Ectopic expression of AtABCG28 improves root hair elongation at high pH. (A) Plasma membrane localization of AtABCG28 in a bulging root hair cell. The EYFP:AtABCG28 signal was higher than in other regions of the root hair when the hair bulge emerged. (Scale bars, 10 µm.) (B) Representative root hair images of the wild-type (Col-0) and three independent pEXP7::EYFP:AtABCG28 transgenic lines grown in 1/8 MS-agar medium at pH 7.5 with or without spermine (0.175 mM). (Scale bars, 100 µm.) (C) Percentage values of roots with elongated root hairs at pH 7.5 in the absence or presence of 0.175 mM spermine. Data (mean ± SD) from two independent experiments (n = 50 roots per genotype) are presented. Asterisks denote statistical significance between wild-type and transgenic lines, calculated by two-way ANOVA and Bonferroni posttests [*P < 0.05; **P < 0.01; ***P < 0.001; ns (not significant), P > 0.05]. (D) A model for the expected function of AtABCG28 in root hair growth at high pH conditions. The dashed inset is a proposed model explaining the difference in development of trichoblast cells between wild-type and transgenic plants expressing AtABCG28. At high pH, spermine and spermidine synthesized in the cytosol are secreted to the apoplast by AtABCG28 and oxidized into hydrogen peroxide (H₂O₂) by the activity of PAO. Hydrogen peroxide is further catalyzed into its hydroxyl radical, which loosens the cell wall and thus stimulates root hair elongation. (E and F) Representative images of ROS signal visualized with CellRox Deep Red in the differentiation zone of the Col-0 root (E) and pEXP7::EYFP:AtABCG28 line 5 (F). (F, Inset) Enlargement of hair bulge. (Scale bars, 10 µm.) (G) Relative ROS levels (mean ± SD) quantified in the wild-type (Col-0) and pEXP7:: EYFP:AtABCG28 (line 5) roots.

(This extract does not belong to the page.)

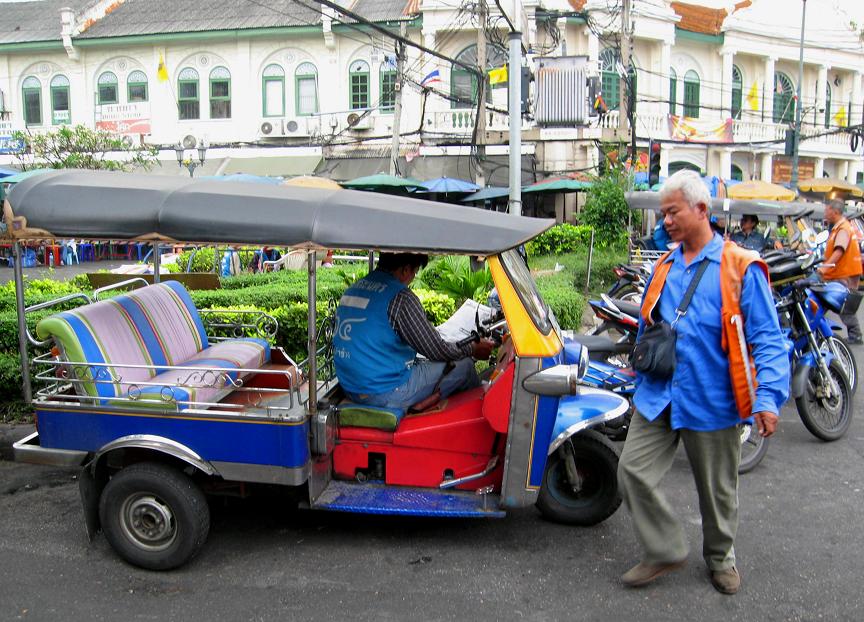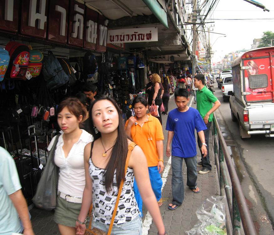 Тротуары здесь предназначены не для хождения, а для мелкой торговли, для движения мопедов, кроме всего прочего на тротуарах попадаются глубокие ямы, так что рекомендуется смотреть под ноги, леди и джентльмены. Кроме того, когда вы идёте пешком (необычный способ передвижения для иностранцев, хотя и вполне привычный для меня), к вам время от времени с разных сторон устремляются благожелатели в надежде заработать пару-другую батов: "Hey you, where you go? You wan tuk-tuk? Boom-boom, misater?"

Fourteen roots per genotype from two independent experiments were analyzed. Asterisk denotes statistical significance between wild-type and transgenic line, calculated by an unpaired t test (*two-tailed P < 0.05).

Fig. 8.

Proposed working models of AtABCG28 function during pollen tube growth. (A) Trafficking model: AtABCG28 might be involved in trafficking of the secretory vesicles to the tip of the growing pollen tube. An unknown polyamine transporter mediates Spm/Spd loading into the secretory vesicles, and AtABCG28 facilitates trafficking of Spm/Spd containing vesicles to the apical zone, possibly by transporting a so far unidentified substrate. (B) Direct transport model: AtABCG28 might directly transport Spm/Spd from the cytosol into secretory vesicles which move to the tip of the pollen tube. AtABCG28-mediated loading of Spm/Spd molecules into the secretory vesicles protects the cytosol from the cytotoxicity of polyamines. Sequestered Spm/Spd are oxidized, producing H₂O₂, or released into the apoplast, where H₂O₂ is generated during pollen tube growth. Cy, cytosol; SV, secretory vesicle; PM, plasma membrane.